Moving on to the prison was akin to adding salt to an already deep gash. The prison was converted from a school and housed all the prisoners under Pol Pot’s regime. It was also where they were interrogated, tortured, and then murdered. Innocent young girls, handsome young men, kind old grandparents – each and everyone was a victim under this regime. Each and everyone (save 7) did not survive this prison. Approximately 20,000 people were killed at this site (and then buried at the Killing Fields).

It was too much; I have never felt such sadness, despair, pain within me. Nothing has moved me so deeply as the sites at Phnom Penh had. I cried for Loung Ung, I cried for her family, I cried for the many others who faced the same plight as her.

And, Justice, Ha! True Justice still fails to be delivered. Pol Pot died a peaceful death in 1998 (albeit under house arrest).

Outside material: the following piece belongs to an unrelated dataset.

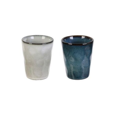 Apportez de la douceur à vos pauses gourmandes avec ces tasses à expresso au design minéral de style artisanal.FICHE TECHNIQUE- Tasse à expresso en céramique.- Lot de 2.CARACTERISTIQUES TECHNIQUES- Dimensions : Diam. 6 x H. 7,4 cm.- Contenance : 100 ml.- Poids : 0,10 kg.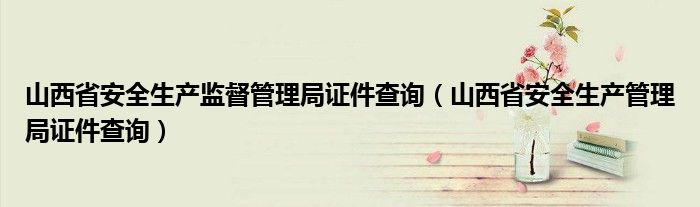 山西省安全生产监督管理局证件查询(山西省安全生产管理局证件查询)

Finding a Gem in your own backyard

When I used to live in India, I used to dream of Venetian palaces, French chateaus, Chinese summer homes. It took 24 years to open my eyes and see the history surrounding the place where I spent my childhood summers, the city of my birth. Often we passed by the Laxmi Villas Palace in Vadorara in rickshaws but never did I have the curiosity or the fascination to go visit it. Vadodara back then was associated just with long, lazy summers lounging in Grandma’s apartment and going shopping for pretty Gujarati dresses on R.C.Dutt road.

Laxmi Villas Palace, Vadodara

That dusty, boring Vadodara too could have its own fascinating history, beautiful architecture, and an on-site royal family never struck me.

Darbar Hall, Laxmi Villas Palace, Vadodara

It was the permanence of the backyard that strongly hindered my exploratory spirit when it came to this palace. It took a physical, permanent removal from India to get me dreaming about one day visiting the sprawling construction in the heart of the city.

Laxmi Villas Palace, build circa 1890, is gorgeous. One of the seven wonders of India, the palace is a fusion of styles – going from Italian stained glass window (the most in any private residence) to Islamic arabesque carvings. Yet, it retains within itself that charm that makes it a true Gujarati construction – that airy feeling, those open aangans (courtyards), those sculpted wooden arches.

Amusing call-back to America: The palace tour is conducted via an audio guide (in English!), reminding me of my Fall ’09 visit to the gilded mansions in Rhode Island.